What this task involves ::
A word-for-word copy of the line containing "När coronapandemin drog" and every following line to the end of the data below is all the answer should hold.

Saved entries:

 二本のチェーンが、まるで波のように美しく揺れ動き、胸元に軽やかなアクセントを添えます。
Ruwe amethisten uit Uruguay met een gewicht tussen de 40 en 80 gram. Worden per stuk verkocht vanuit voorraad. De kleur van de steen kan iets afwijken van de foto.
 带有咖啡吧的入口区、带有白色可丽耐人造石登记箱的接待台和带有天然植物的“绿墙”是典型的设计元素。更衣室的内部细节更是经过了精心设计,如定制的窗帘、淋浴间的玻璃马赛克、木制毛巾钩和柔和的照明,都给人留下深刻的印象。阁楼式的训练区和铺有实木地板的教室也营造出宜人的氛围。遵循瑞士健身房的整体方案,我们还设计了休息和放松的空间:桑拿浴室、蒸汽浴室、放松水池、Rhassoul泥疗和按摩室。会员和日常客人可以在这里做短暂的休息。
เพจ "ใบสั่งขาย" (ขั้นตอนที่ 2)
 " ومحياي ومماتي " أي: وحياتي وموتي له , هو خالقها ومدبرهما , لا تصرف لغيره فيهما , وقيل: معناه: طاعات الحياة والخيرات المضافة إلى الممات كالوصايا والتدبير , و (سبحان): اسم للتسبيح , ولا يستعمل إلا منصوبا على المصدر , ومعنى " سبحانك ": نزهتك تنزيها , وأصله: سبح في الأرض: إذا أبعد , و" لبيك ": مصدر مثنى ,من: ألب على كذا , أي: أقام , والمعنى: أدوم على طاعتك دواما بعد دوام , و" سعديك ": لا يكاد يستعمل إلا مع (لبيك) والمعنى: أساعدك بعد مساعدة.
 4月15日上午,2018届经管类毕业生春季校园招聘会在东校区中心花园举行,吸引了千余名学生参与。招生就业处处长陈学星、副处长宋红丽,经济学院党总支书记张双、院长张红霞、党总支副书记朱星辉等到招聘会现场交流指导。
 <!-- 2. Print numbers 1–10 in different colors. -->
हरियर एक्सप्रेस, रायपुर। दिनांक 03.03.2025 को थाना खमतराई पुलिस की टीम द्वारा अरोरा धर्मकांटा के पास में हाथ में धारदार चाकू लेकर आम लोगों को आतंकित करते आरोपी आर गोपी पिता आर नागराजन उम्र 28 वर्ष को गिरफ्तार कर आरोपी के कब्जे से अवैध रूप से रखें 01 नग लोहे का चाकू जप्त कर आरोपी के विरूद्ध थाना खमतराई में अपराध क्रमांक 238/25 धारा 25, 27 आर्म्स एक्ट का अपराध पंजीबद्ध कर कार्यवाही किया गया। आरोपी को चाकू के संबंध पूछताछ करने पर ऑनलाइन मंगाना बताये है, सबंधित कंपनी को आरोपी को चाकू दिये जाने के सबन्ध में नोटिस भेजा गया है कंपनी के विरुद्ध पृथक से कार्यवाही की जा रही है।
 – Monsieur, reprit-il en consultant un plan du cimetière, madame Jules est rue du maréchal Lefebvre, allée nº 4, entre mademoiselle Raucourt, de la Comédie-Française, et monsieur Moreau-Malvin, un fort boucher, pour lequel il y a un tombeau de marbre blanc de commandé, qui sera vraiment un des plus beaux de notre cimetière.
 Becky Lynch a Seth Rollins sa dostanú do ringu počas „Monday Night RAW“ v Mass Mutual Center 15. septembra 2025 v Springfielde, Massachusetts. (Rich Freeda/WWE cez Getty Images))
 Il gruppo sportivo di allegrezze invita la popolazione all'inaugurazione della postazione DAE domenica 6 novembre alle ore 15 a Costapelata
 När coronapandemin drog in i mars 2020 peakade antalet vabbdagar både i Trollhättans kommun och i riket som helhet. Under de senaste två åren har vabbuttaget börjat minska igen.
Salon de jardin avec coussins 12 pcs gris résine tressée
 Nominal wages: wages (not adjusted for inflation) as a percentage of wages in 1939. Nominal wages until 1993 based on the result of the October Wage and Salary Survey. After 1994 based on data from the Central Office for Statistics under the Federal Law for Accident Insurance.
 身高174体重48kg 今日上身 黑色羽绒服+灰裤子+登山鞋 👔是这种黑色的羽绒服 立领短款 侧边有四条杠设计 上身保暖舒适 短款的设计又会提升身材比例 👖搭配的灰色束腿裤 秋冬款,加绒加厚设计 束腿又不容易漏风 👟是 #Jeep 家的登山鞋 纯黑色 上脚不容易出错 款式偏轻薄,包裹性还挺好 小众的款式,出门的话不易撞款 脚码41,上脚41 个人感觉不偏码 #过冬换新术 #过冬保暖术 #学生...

Your response ::
 När coronapandemin drog in i mars 2020 peakade antalet vabbdagar både i Trollhättans kommun och i riket som helhet. Under de senaste två åren har vabbuttaget börjat minska igen.
Salon de jardin avec coussins 12 pcs gris résine tressée
 Nominal wages: wages (not adjusted for inflation) as a percentage of wages in 1939. Nominal wages until 1993 based on the result of the October Wage and Salary Survey. After 1994 based on data from the Central Office for Statistics under the Federal Law for Accident Insurance.
 身高174体重48kg 今日上身 黑色羽绒服+灰裤子+登山鞋 👔是这种黑色的羽绒服 立领短款 侧边有四条杠设计 上身保暖舒适 短款的设计又会提升身材比例 👖搭配的灰色束腿裤 秋冬款,加绒加厚设计 束腿又不容易漏风 👟是 #Jeep 家的登山鞋 纯黑色 上脚不容易出错 款式偏轻薄,包裹性还挺好 小众的款式,出门的话不易撞款 脚码41,上脚41 个人感觉不偏码 #过冬换新术 #过冬保暖术 #学生...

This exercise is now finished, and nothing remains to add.